━━━ RECORDED INFORMATION ━━━

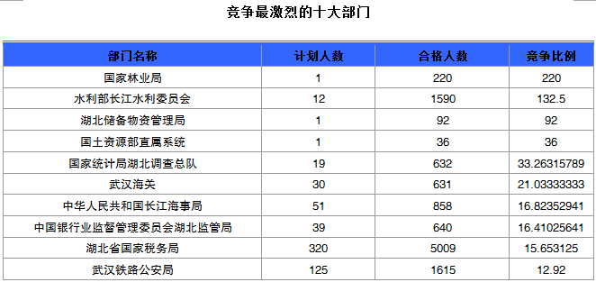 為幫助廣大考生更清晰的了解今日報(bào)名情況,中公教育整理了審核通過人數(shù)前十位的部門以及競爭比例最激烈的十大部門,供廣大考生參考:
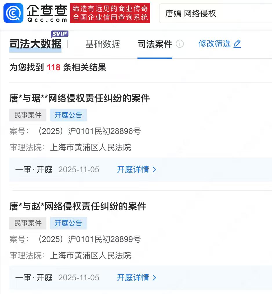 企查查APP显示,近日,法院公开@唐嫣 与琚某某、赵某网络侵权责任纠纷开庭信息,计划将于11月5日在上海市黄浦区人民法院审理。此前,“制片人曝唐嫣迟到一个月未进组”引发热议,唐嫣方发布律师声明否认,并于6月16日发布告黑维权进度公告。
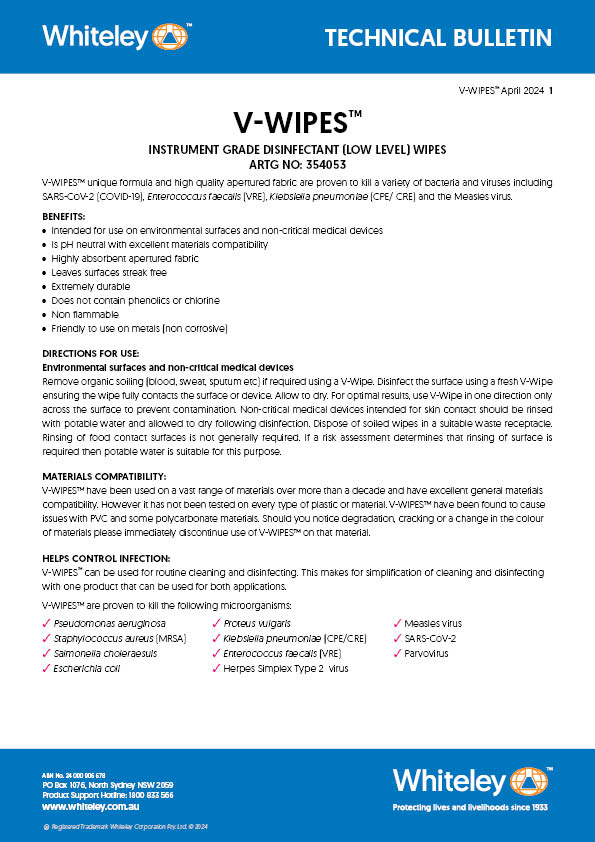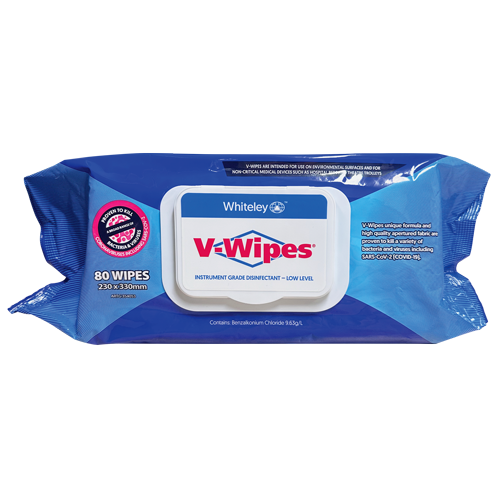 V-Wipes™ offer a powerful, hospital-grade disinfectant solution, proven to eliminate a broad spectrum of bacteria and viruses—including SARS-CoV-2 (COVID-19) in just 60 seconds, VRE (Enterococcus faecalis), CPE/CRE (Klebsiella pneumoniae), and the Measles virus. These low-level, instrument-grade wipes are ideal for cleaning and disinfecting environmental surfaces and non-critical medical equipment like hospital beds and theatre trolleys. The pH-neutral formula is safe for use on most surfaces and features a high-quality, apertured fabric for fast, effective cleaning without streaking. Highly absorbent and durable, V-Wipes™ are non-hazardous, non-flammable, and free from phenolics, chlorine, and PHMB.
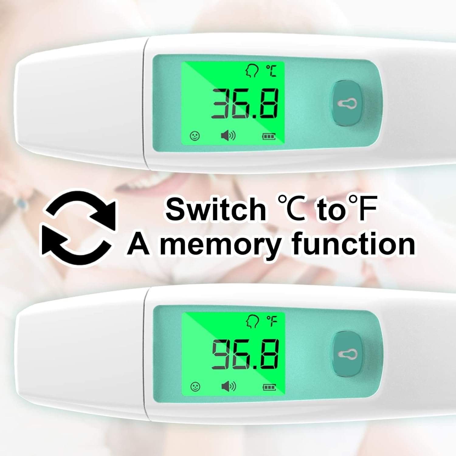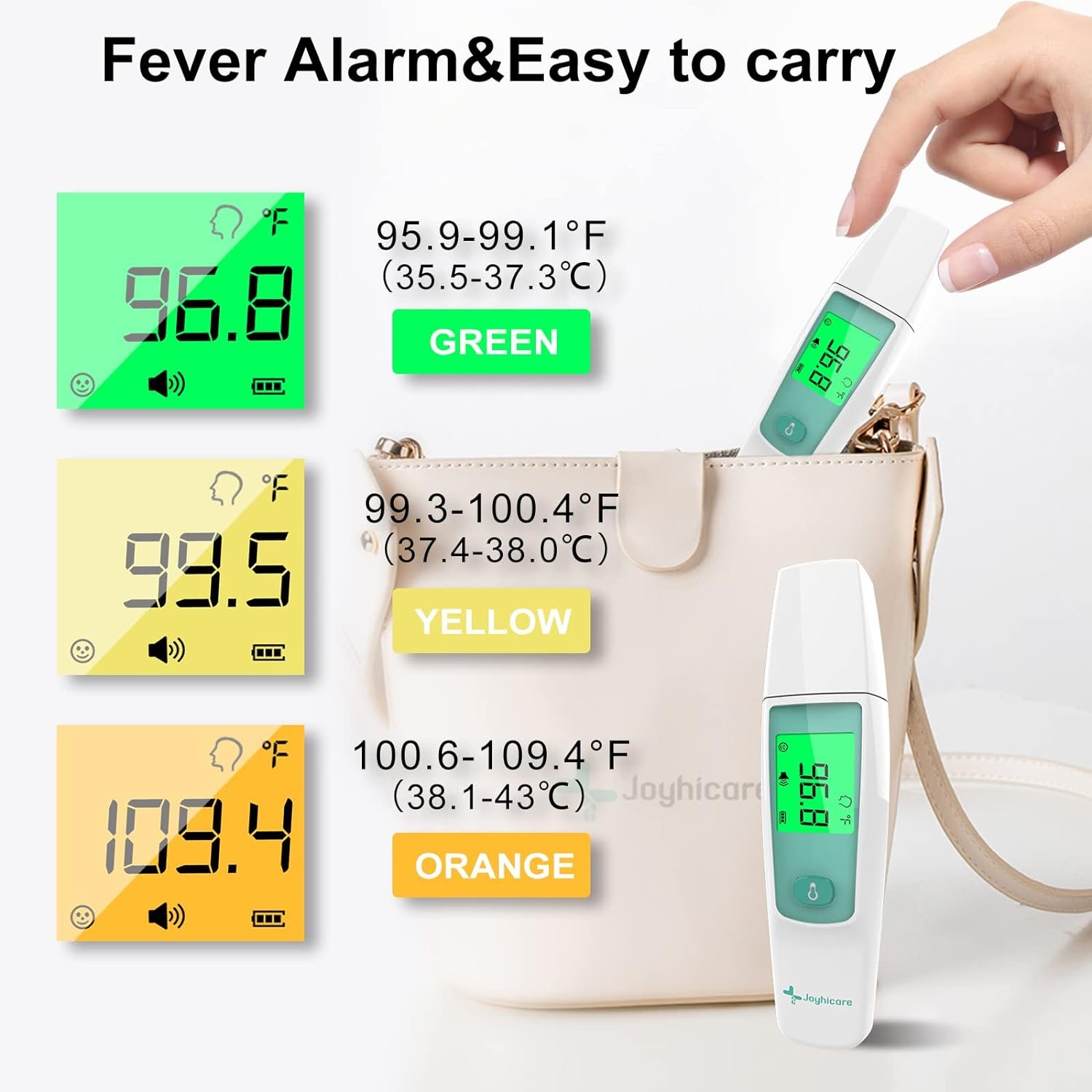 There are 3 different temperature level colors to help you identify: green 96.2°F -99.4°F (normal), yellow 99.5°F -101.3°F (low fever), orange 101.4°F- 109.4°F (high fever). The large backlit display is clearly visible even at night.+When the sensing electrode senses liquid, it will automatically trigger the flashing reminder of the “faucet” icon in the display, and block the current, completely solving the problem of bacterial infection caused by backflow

━━━

## PROBLEM TO WORK ON
Everything from the opening line of the data through the line with "V-Wipes™ offer a" should be repeated exactly; leave the pictures out.

## WRITTEN RESPONSE
 為幫助廣大考生更清晰的了解今日報(bào)名情況,中公教育整理了審核通過人數(shù)前十位的部門以及競爭比例最激烈的十大部門,供廣大考生參考:
 企查查APP显示,近日,法院公开@唐嫣 与琚某某、赵某网络侵权责任纠纷开庭信息,计划将于11月5日在上海市黄浦区人民法院审理。此前,“制片人曝唐嫣迟到一个月未进组”引发热议,唐嫣方发布律师声明否认,并于6月16日发布告黑维权进度公告。
 V-Wipes™ offer a powerful, hospital-grade disinfectant solution, proven to eliminate a broad spectrum of bacteria and viruses—including SARS-CoV-2 (COVID-19) in just 60 seconds, VRE (Enterococcus faecalis), CPE/CRE (Klebsiella pneumoniae), and the Measles virus. These low-level, instrument-grade wipes are ideal for cleaning and disinfecting environmental surfaces and non-critical medical equipment like hospital beds and theatre trolleys. The pH-neutral formula is safe for use on most surfaces and features a high-quality, apertured fabric for fast, effective cleaning without streaking. Highly absorbent and durable, V-Wipes™ are non-hazardous, non-flammable, and free from phenolics, chlorine, and PHMB.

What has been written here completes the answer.